Wednesday, February 25, 2009
The Rescuers
I live in a nice house. It's not a mansion, but a nice house. I also live in a nice neighborhood. It's not millionaire row, but its nice. At the peak of the housing market, I was making good money, and I thought very seriously about moving to a larger, more expensive home in the subdivision adjacent to mine. As the market slowed I thought even more seriously about it, because I thought I could find a bargain. In the end, I decided that I was better off in my older, more modest home. What a great decision that was! Six months later I was laid off. Now I have started my own company. Those of you that are self employed understand what it is like to not get a regular paycheck even though you work. Any money I make goes back into my company, and it has been seven months since I have seen a paycheck. I should be the perfect candidate for a government bailout.

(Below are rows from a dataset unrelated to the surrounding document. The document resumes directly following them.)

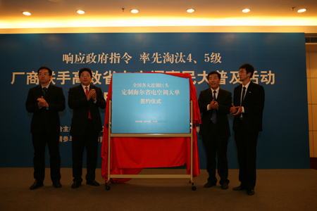 記者日前從在京舉行的“廠商聯(lián)手高效省電空調(diào)惠民大普及活動(dòng)”啟動(dòng)儀式上了解到,以海爾空調(diào)為代表的制造企業(yè)與國美、蘇寧、日日順等流通企業(yè)將積極響應(yīng)國家節(jié)能減排號(hào)召,聯(lián)手在全國范圍內(nèi)展開一場(chǎng)高效省電空調(diào)的惠民大普及活動(dòng)。啟動(dòng)儀式上,國美、蘇寧等主流家電連鎖都不約而同地選擇采購海爾省電空調(diào)。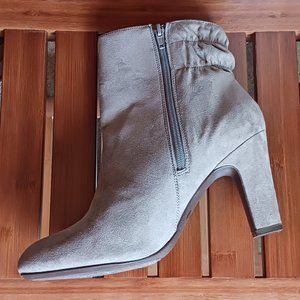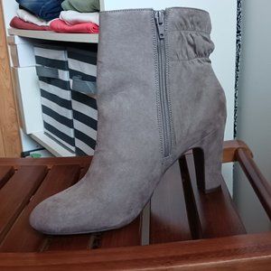 New without Box - Excellent condition. Never worn. Heeled Booties from Kelly & Katie. Brushed suede material in Taupe. Stylish rouching detail at ankle. Side zipper for easy on. Heel height 3.75 inches. Very clean. No apparent scuffs or marks.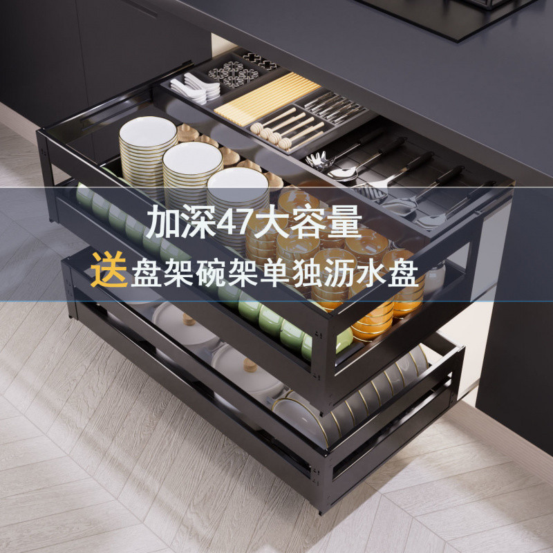 9sa深さ47バスケットキッチンキャビネット二重引き出し式バスケットフレーム宇宙アルミ抽出中アルミ合金ボウル皿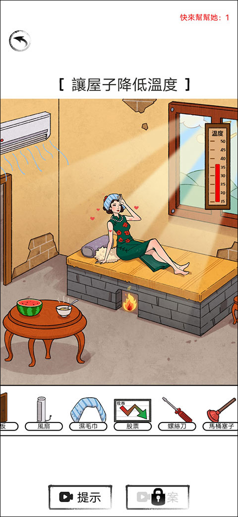 3、这里选择游玩的是快来帮帮她,选择第一关房屋降温。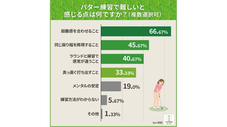 パター練習で難しいと感じる点について調査したところ、「距離感を合わせること」が66.7%で最多となった。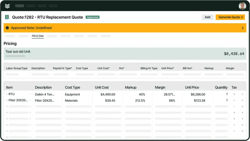 - Quote in the field or the office. Fast creation from either side of the business.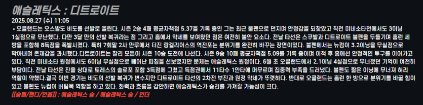 애슬레틱스 : 디트로이트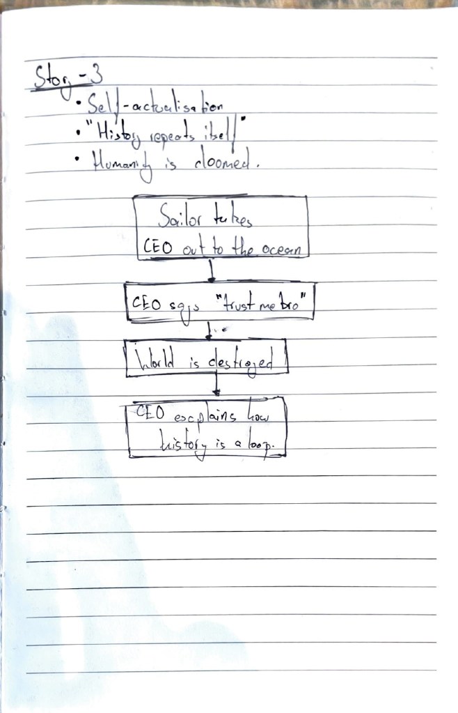 The moment I got “Illusion of Choice” as the first prompt, I immediately thought this was a writing assignment for a choice-based game. I started thinking about the different ways I can play with the player’s emotions. I thought about the ways I could make two different players feel 2 different things, and how that would influence their choice.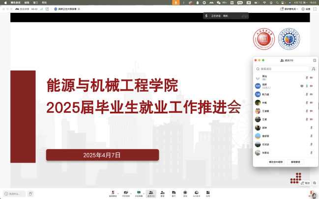 姜妍丽通报2025届硕士毕业生就业情况,对考博、考公及部分就业困难学生情况进行介绍;赵贵青、林枫、胡涬依次对新能源、机械、机电、能动、核工专业的2025届本科毕业生现阶段就业工作开展情况和各类学生就业工作推进情况进行汇报,同时梳理就业困难学生名单并依次进行介绍,分析每位困难学生情况和下一阶段重点工作。

Alas, despite the lack of income I have paid all of my obligations on time. I had plenty of savings (and still have some) to get me through this. If I had only known that the federal government would be pushing loan modifications, I wouldn't have wasted my money on something as useless as savings. I would have bought that big beautiful house on millionaire row. I blame my parents for instilling me with financial sense and personal responsibility. Little did they know how useless those virtues would be in 2009.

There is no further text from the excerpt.